Fritz Hippler, que dirigia a seção cinematográfica dentro do Ministério da Propaganda, conta em suas memórias que Joseph Goebbels lhe dera ordem de ir filmar nos guetos. Os conselhos do ministro do Reich para a Educação do Povo e a Propaganda revela sua vontade de fixar “o judeu” no seu estado original, de apreender sua “verdadeira natureza” nos guetos, pois, ele explica, a raça judia vai desaparecer e é preciso conservar dela o arquivo.

Eu me pergunto sempre em que momento uma imagem torna-se arquivo. Muitas vezes, ela não é gravada para ser arquivo: ela se torna arquivo. Nesse caso concreto, pode-se considerar que a imagem é pensada a título de conservação de alguma coisa que será destruída. Essa problemática é a preocupação de alguns cineastas contemporâneos. Por exemplo, Farocki constrói seu filme Imagens do mundo e inscrições da guerra³, sobre a constatação de uma conjunção entre os atos de conservação e de destruição. Sobre as fotos do álbum de Auschwitz, o cineasta faz um movimento próximo, que consiste em fotografar pessoas à beira da morte para fixar as imagens dela na película. Farocki interessa-se também pelas fotografias aéreas que permitem encontrar lugares que serão, em seguida, bombardeados. A proposta de arquivar imagens da “raça judia” revela-se perturbadora pois eu não estou certa de que a noção de arquivo seja tão explicitamente reivindicada durante esse período da guerra.

No ato da fotografia e do cinema nazista, há, através do aparelho, um encontro entre a preservação, a conservação e o ato de execução, o que é uma outra definição da propaganda pois está ligada ao assassinato “de massa”.

Muitas sequências foram filmadas no gueto de Varsóvia entre 1940 e 1942 pelos câmeras nazistas. Elas trazem, na maioria das vezes, um olhar antissemita que está de acordo com uma visão racialista “do judeu”. Os câmeras procuraram nos guetos fabricar imagens que não faziam referências à realidade, mas que estivessem de acordo com seu imaginário antissemita. Essas tomadas trazem o olhar nazista traduzido por vários procedimentos bastante conhecidos: contra-plongées, enquadramentos particulares, trabalho com as lentes focais etc.

J.-L. C: Uma retórica do olhar exagerado, caricatural e desmesurado existia então.

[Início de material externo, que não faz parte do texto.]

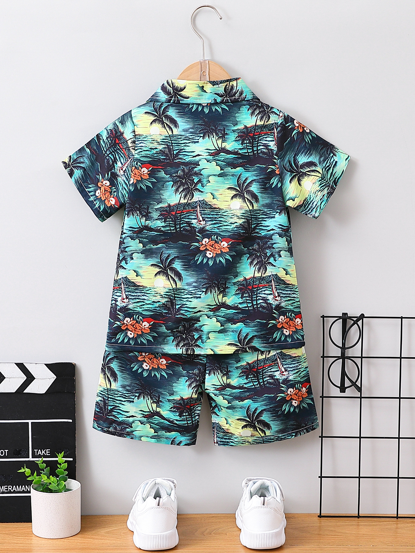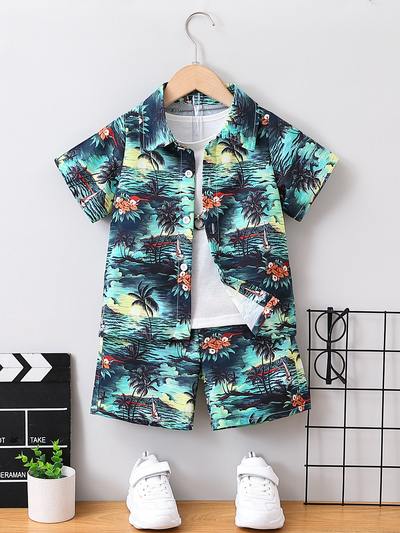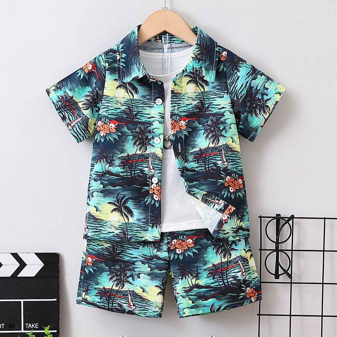 소년의 여름 해변 반팔 Lel 카디건 최고 반바지 세트 어린이 여름 원피스 컬러 셔츠 반바지 두 조각스토어 가기

S.L.: No meio da população judia, os câmeras selecionam rostos que correspondam ao tipo ideal do imaginário antissemita, chegando à beira da caricatura nos momentos de enquadramento mais fechado. Ora, nessa perspectiva, aparecem possibilidades de resistência: um rosto integrado no plano, mas que não está de acordo com ele pode desmentir esse primeiro trabalho. As ordens dadas pelos câmeras nazistas não são escrupulosamente seguidas. Quando eles pedem a um grupo para rir, uma pessoa pode não fazê-lo e olhar estranhamente para a câmera ou fugir da sua lente. Trata-se de uma primeira categoria de imagens gravadas “ao vivo” nas ruas do gueto onde a resistência à mise en scène aparece dentro da própria imagem.

Uma segunda categoria engloba mises en scènes mais elaboradas que reconstituem cenas de judeus como figurantes forçados por roteiros escritos previamente, sempre com o intuito de reiterar a visão específica da “raça judia”. Assim, seria preciso fazer uma análise profunda dos jornais dos guetos que continham um relatório diário do que acontecia ali. Os cronistas judeus evocavam essas filmagens e os pedidos dos nazistas, que mereciam ser estudados em detalhes. Por exemplo, certas cenas mostram refeições opulentas, regadas a champanhe, depois das quais os figurantes judeus, vestidos com belas roupas, saem pelas ruas pulando cadáveres. Os nazistas usam essa violência para dividir a população. Com cinismo, eles chegam a enviar a conta para a comunidade judia pagar.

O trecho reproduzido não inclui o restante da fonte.